### [Requirement]
Within the listing that follows, reproduce exactly the lines starting at the line with "在威尔逊写下这份报告时,他注" and ending at the line with "13级广告学专业的冷沫和13", inclusive, and only those. Pictures are dropped.

### [Listed entries]
◆ ◆ ◆

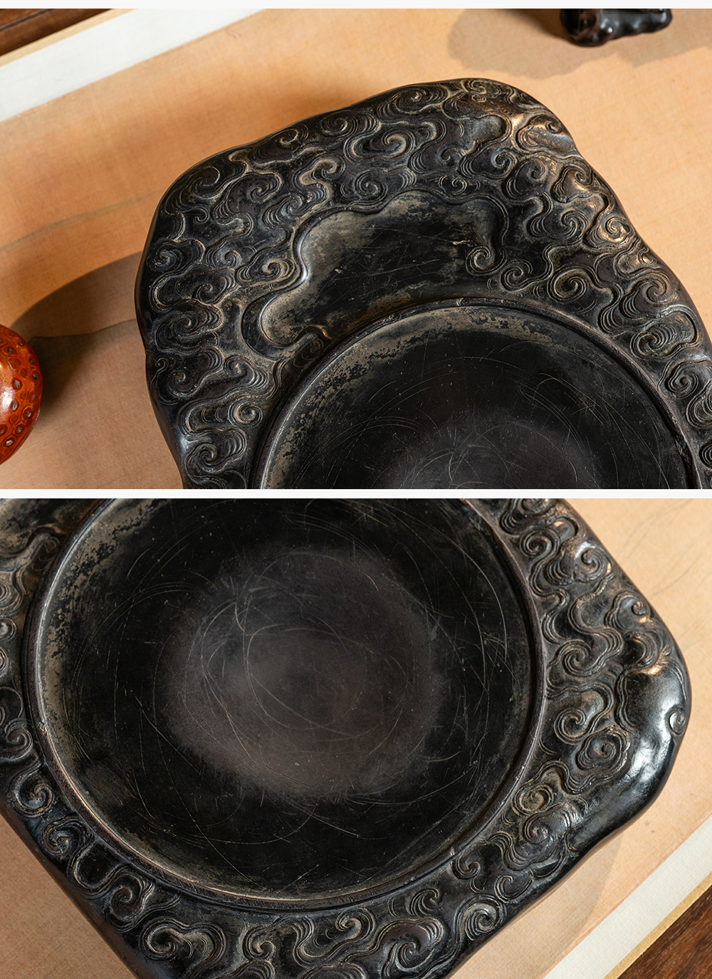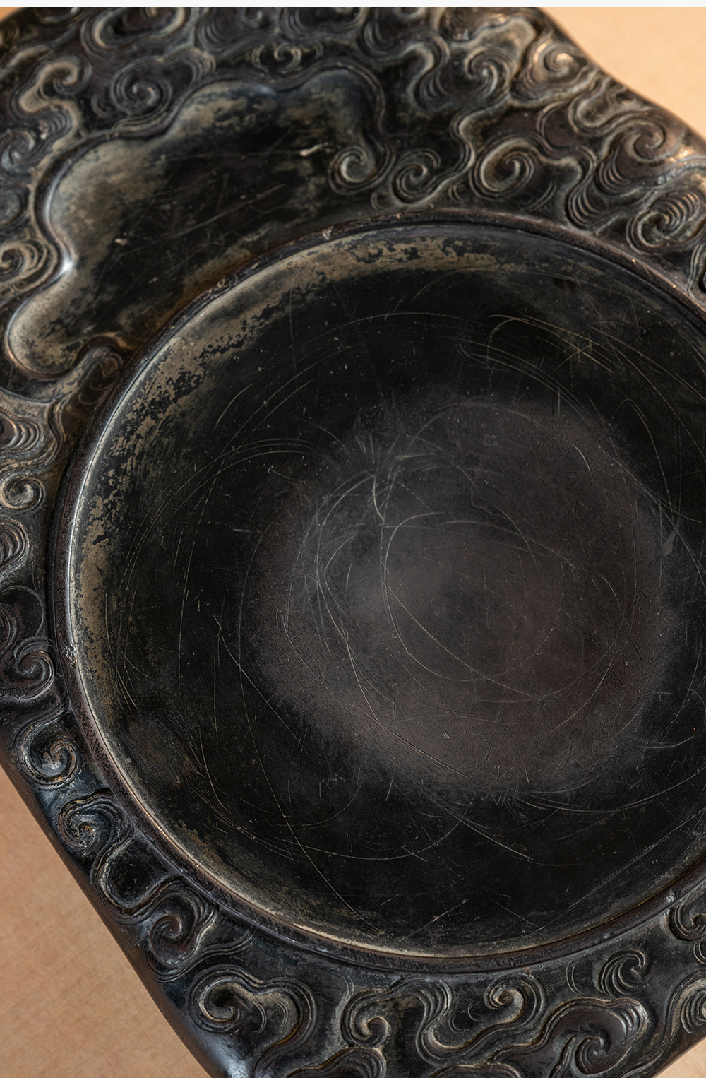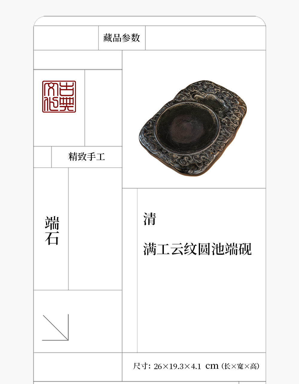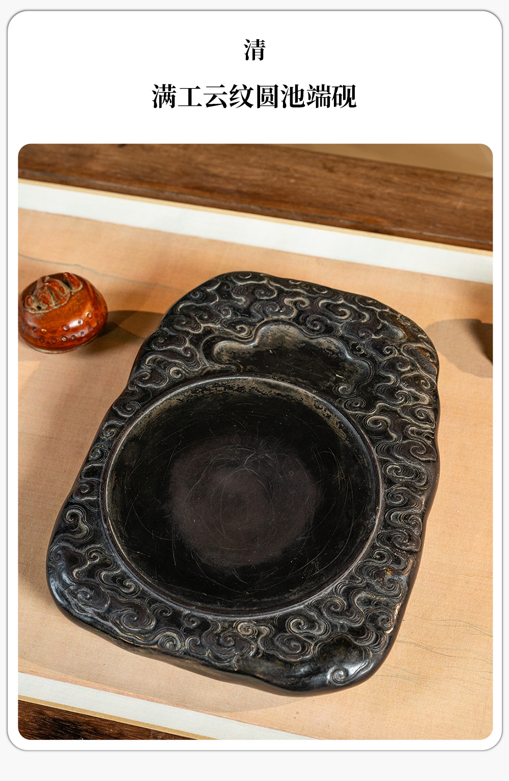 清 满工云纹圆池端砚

◆ ◆ ◆

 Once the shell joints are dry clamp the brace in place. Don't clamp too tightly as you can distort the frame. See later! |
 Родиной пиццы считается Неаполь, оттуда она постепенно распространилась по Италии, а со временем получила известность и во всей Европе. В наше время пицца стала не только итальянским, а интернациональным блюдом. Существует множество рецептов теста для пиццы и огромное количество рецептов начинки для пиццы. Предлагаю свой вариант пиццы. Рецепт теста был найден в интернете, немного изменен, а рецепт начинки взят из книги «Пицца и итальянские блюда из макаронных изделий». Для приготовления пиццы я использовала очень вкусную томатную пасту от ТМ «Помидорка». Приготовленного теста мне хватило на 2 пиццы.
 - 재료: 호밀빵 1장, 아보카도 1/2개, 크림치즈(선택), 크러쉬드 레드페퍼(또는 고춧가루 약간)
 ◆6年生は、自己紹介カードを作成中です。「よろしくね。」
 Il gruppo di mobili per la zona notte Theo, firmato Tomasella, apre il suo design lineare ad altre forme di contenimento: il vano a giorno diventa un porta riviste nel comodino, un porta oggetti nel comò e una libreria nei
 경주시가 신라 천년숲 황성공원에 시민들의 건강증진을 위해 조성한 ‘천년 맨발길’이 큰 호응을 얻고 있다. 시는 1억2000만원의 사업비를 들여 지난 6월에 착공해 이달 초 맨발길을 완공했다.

◆ ◆ ◆

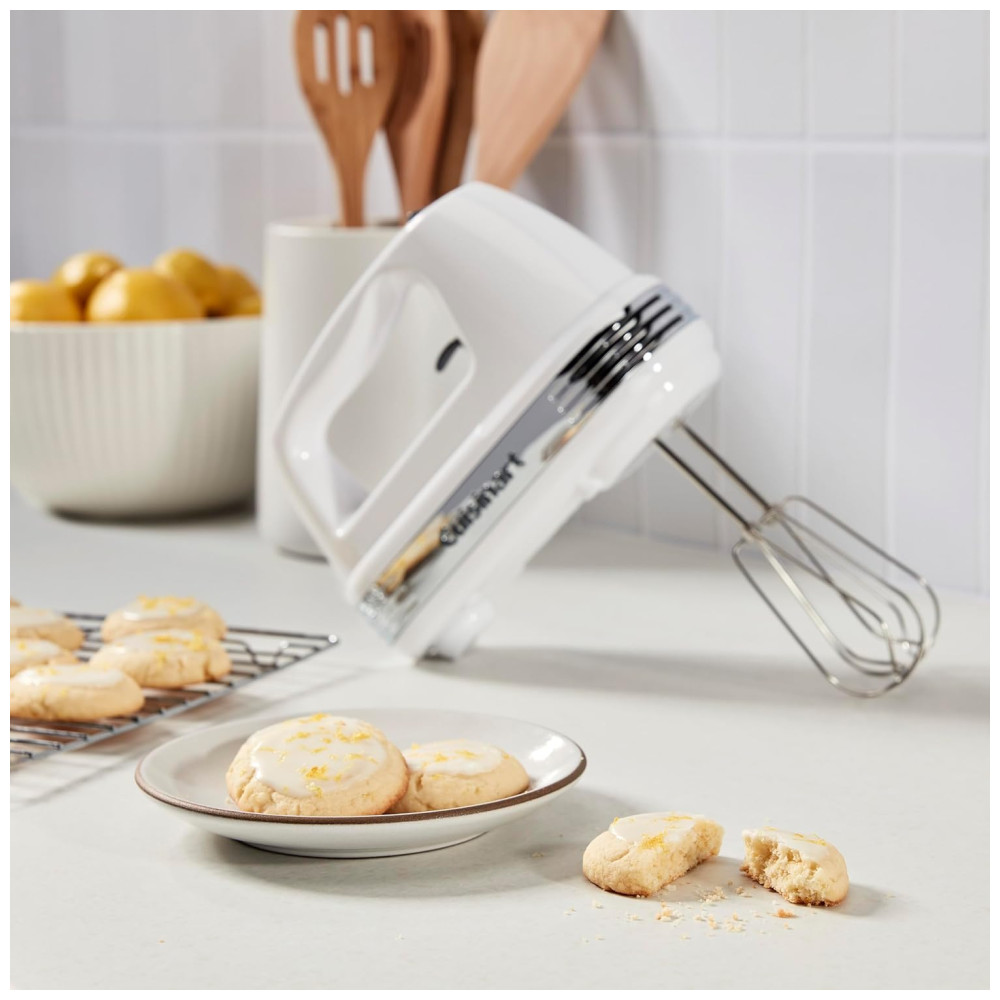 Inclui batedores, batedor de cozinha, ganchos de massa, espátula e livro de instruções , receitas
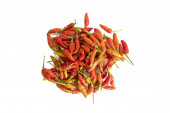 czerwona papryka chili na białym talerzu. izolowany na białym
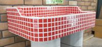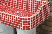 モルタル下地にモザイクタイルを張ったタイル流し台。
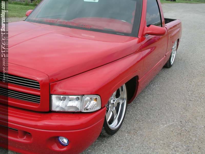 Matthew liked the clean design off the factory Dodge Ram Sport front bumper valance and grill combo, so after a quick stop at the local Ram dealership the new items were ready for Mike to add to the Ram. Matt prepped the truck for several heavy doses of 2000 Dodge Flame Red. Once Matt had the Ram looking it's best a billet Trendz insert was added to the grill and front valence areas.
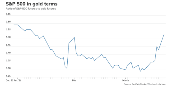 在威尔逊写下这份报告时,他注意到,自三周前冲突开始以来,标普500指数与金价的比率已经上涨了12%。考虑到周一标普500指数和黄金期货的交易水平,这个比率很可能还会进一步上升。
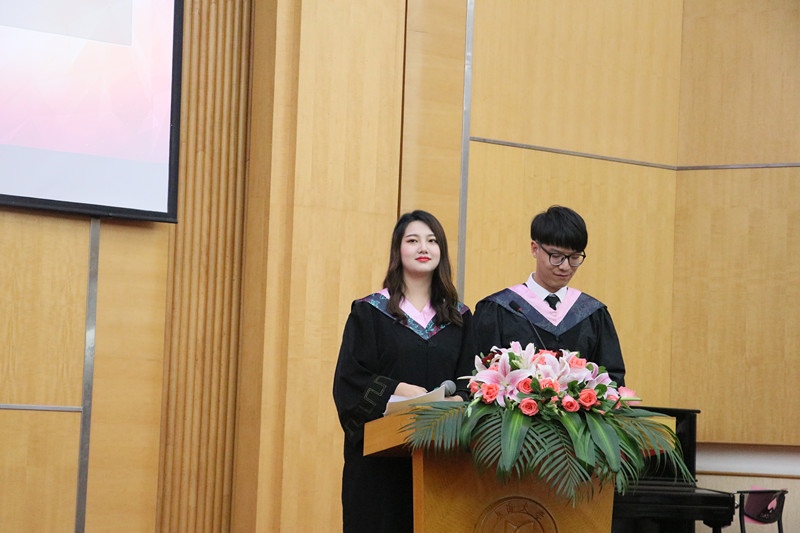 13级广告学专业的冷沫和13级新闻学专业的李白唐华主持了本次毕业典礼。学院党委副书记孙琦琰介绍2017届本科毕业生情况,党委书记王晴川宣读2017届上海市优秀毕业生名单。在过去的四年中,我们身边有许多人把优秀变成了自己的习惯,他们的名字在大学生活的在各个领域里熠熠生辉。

◆ ◆ ◆

### [Answer space]
 在威尔逊写下这份报告时,他注意到,自三周前冲突开始以来,标普500指数与金价的比率已经上涨了12%。考虑到周一标普500指数和黄金期货的交易水平,这个比率很可能还会进一步上升。
 13级广告学专业的冷沫和13级新闻学专业的李白唐华主持了本次毕业典礼。学院党委副书记孙琦琰介绍2017届本科毕业生情况,党委书记王晴川宣读2017届上海市优秀毕业生名单。在过去的四年中,我们身边有许多人把优秀变成了自己的习惯,他们的名字在大学生活的在各个领域里熠熠生辉。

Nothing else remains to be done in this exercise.